▸ PROVIDED ENTRIES

--- START ---

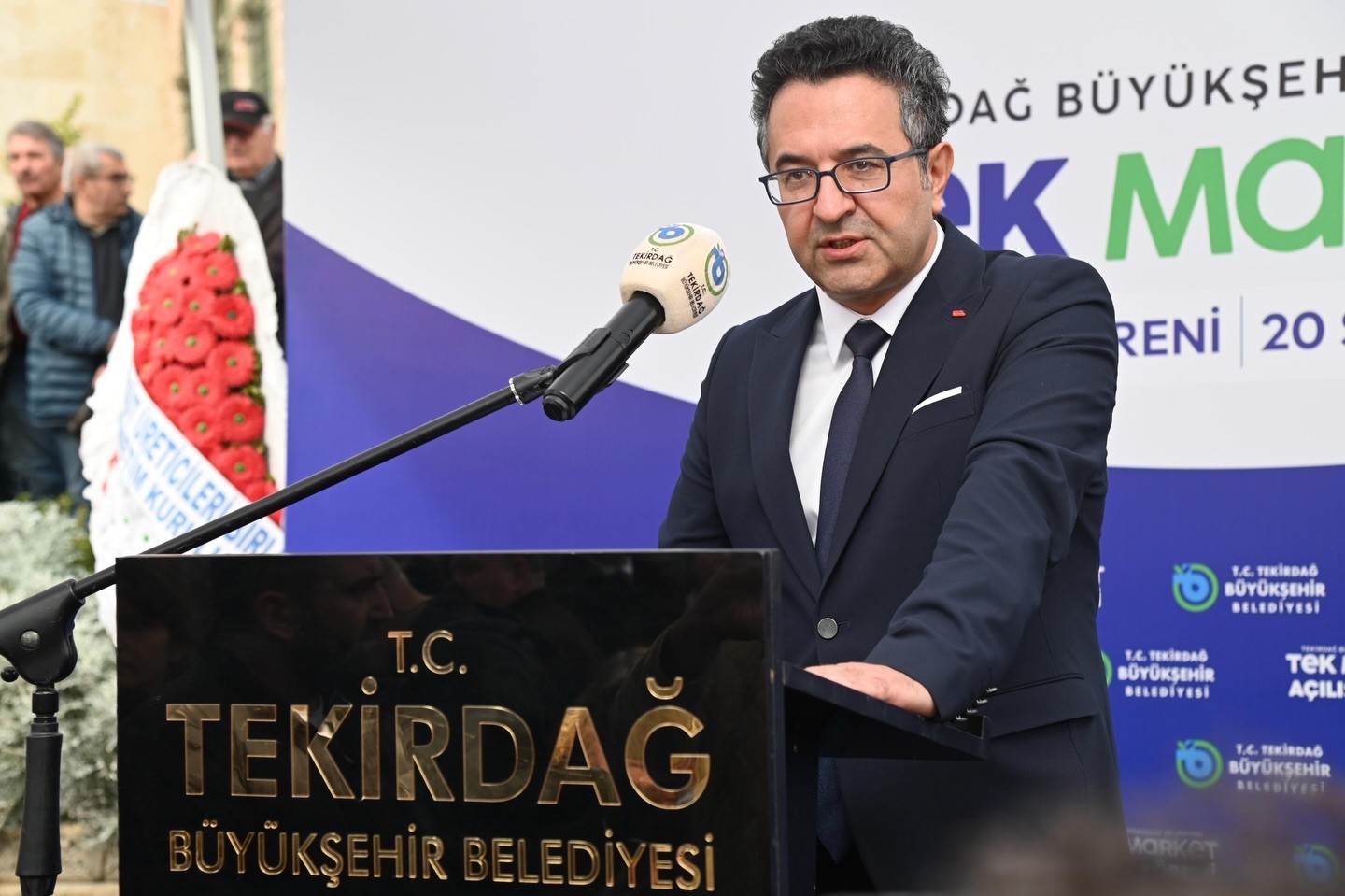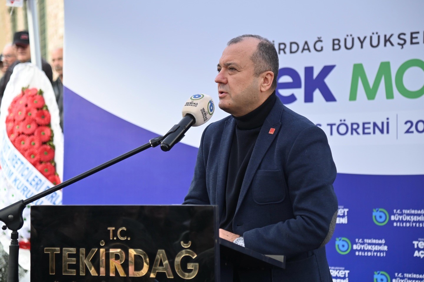 Ekonomik zorluklara karşı sosyal belediyecilik vizyonuyla projelerini ardı ardına hayata geçiren Tekirdağ Büyükşehir Belediyesi, yerel kalkınma hamlesine bir yenisini daha ekledi. Üretici kooperatifleri ile dar gelirli vatandaş arasında köprü kuran TEK Market’in ilk şubesi, Süleymanpaşa ilçesi Ertuğrul Mahallesi Hasan Âli Yücel Meydanı’nda düzenlenen coşkulu bir törenle açıldı.
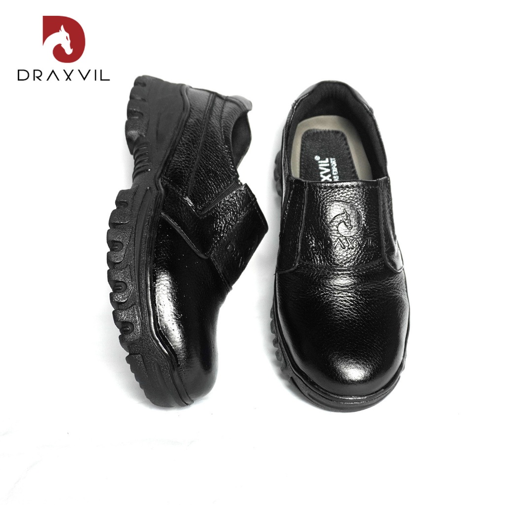 Draxvil Kulit Sapi Asli - Sepatu safety pria kulit sapi asli DRAXVIL Original, sepatu slip on
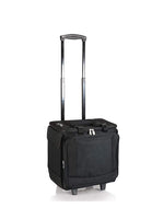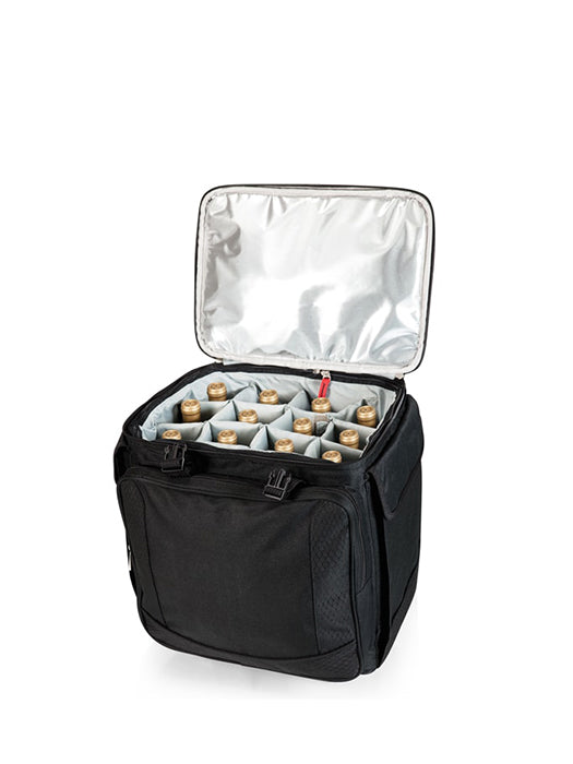 Unit price / perThis bag is an insulated twelve-bottle wine tote/cooler on wheels. It has a telescopic handle with push-button release and three large exterior pockets to fit three-ring binders, brochures, magazines or other personal effects. Unzip the interior bottle divider from the interior cooler compartment and there's a water-resistant liner underneath that converts the wine tote to a 40-can capacity cooler. Made of polyester with a heavy-duty comfort grip top handle and two locking clasps to secure its contents, you can be assured the bag will protect and insulate your bottle beverages wherever you take it.
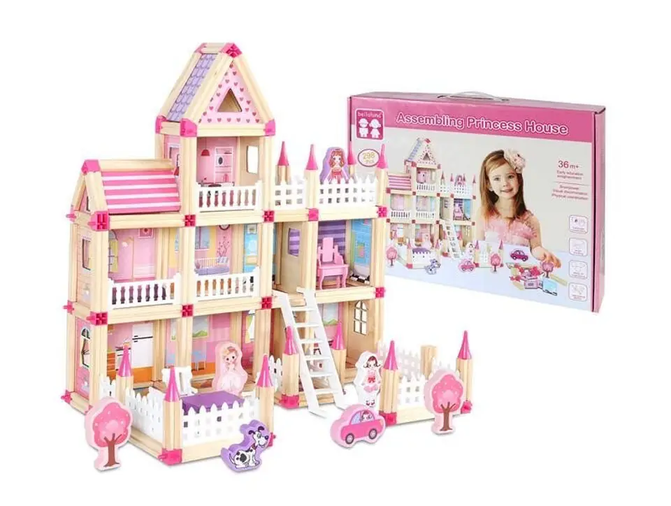 | Zestaw drewnianych, kolorowych i bezpiecznych klocków dla dzieci od 3-go roku życia. Pakiet składa się z 298 elementów, które po ułożeniu tworzą drewniane domki dla księżniczek. Prócz elementów konstrukcyjnych w zestawie znaleźć możemy również klocki w kształcie drzewa, z postaciami księżniczek, czy autami, jest też obrazkowa instrukcja. | |
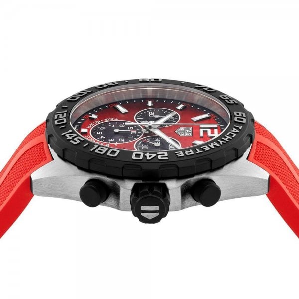 Set the pace for victory in this bold and colourful TAG Heuer Formula 1. Building of the collections legacy but racing to the future, this red motor racing leader is as stimulating as ever with its red livery. A watch for true pilots.
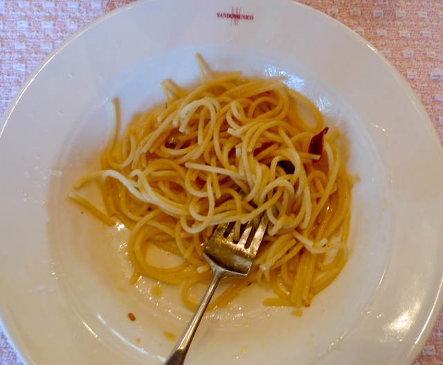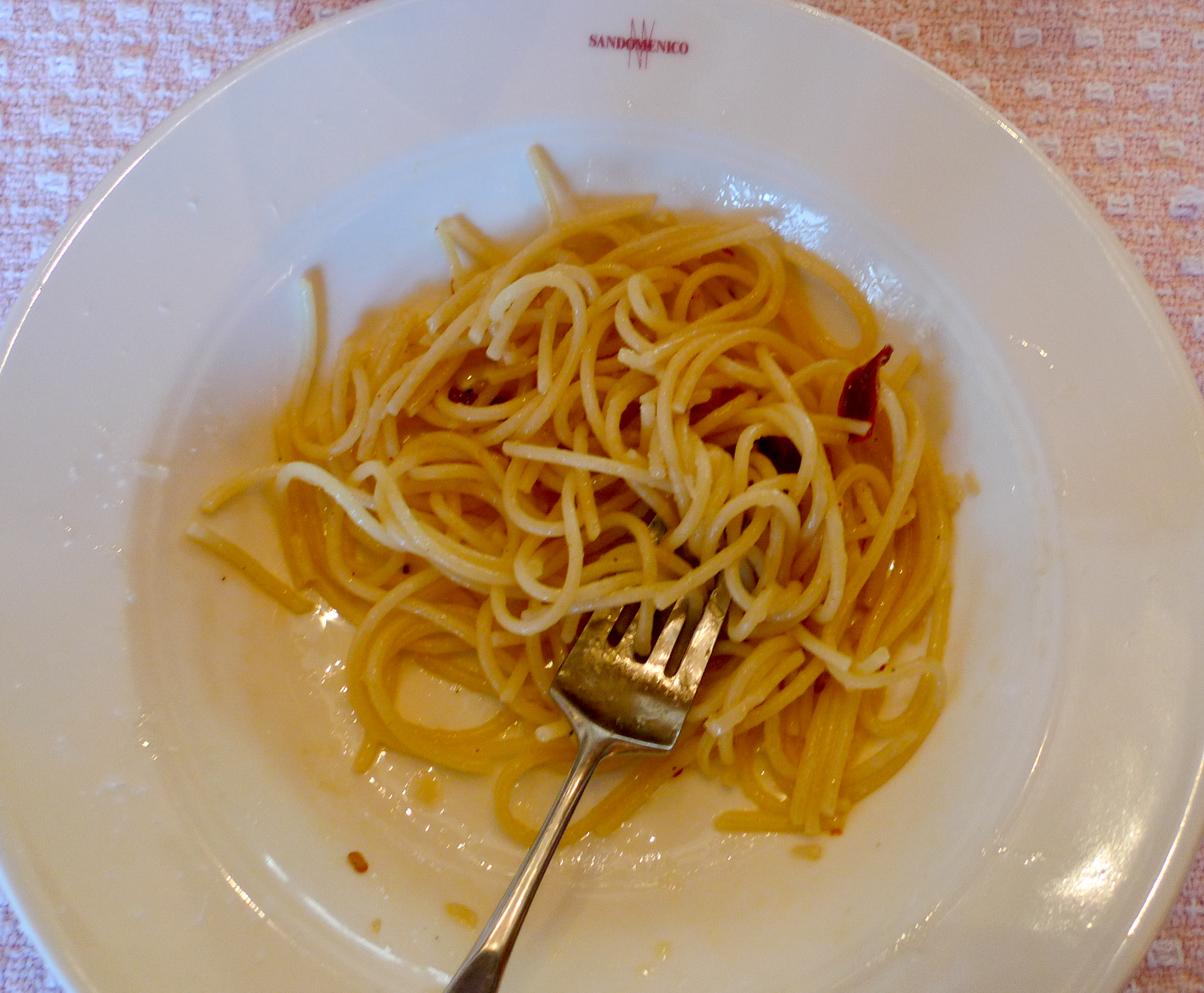 Great quality organic spaghetti with garlic, sun dried tomatoes, hot pepper and colatura

--- END ---

▸ WHAT THE EXERCISE ASKS
I would like the material above returned exactly as it stands, without its pictures.

▸ ANSWER BELOW
 Ekonomik zorluklara karşı sosyal belediyecilik vizyonuyla projelerini ardı ardına hayata geçiren Tekirdağ Büyükşehir Belediyesi, yerel kalkınma hamlesine bir yenisini daha ekledi. Üretici kooperatifleri ile dar gelirli vatandaş arasında köprü kuran TEK Market’in ilk şubesi, Süleymanpaşa ilçesi Ertuğrul Mahallesi Hasan Âli Yücel Meydanı’nda düzenlenen coşkulu bir törenle açıldı.
 Draxvil Kulit Sapi Asli - Sepatu safety pria kulit sapi asli DRAXVIL Original, sepatu slip on
 Unit price / perThis bag is an insulated twelve-bottle wine tote/cooler on wheels. It has a telescopic handle with push-button release and three large exterior pockets to fit three-ring binders, brochures, magazines or other personal effects. Unzip the interior bottle divider from the interior cooler compartment and there's a water-resistant liner underneath that converts the wine tote to a 40-can capacity cooler. Made of polyester with a heavy-duty comfort grip top handle and two locking clasps to secure its contents, you can be assured the bag will protect and insulate your bottle beverages wherever you take it.
 | Zestaw drewnianych, kolorowych i bezpiecznych klocków dla dzieci od 3-go roku życia. Pakiet składa się z 298 elementów, które po ułożeniu tworzą drewniane domki dla księżniczek. Prócz elementów konstrukcyjnych w zestawie znaleźć możemy również klocki w kształcie drzewa, z postaciami księżniczek, czy autami, jest też obrazkowa instrukcja. | |
 Set the pace for victory in this bold and colourful TAG Heuer Formula 1. Building of the collections legacy but racing to the future, this red motor racing leader is as stimulating as ever with its red livery. A watch for true pilots.
 Great quality organic spaghetti with garlic, sun dried tomatoes, hot pepper and colatura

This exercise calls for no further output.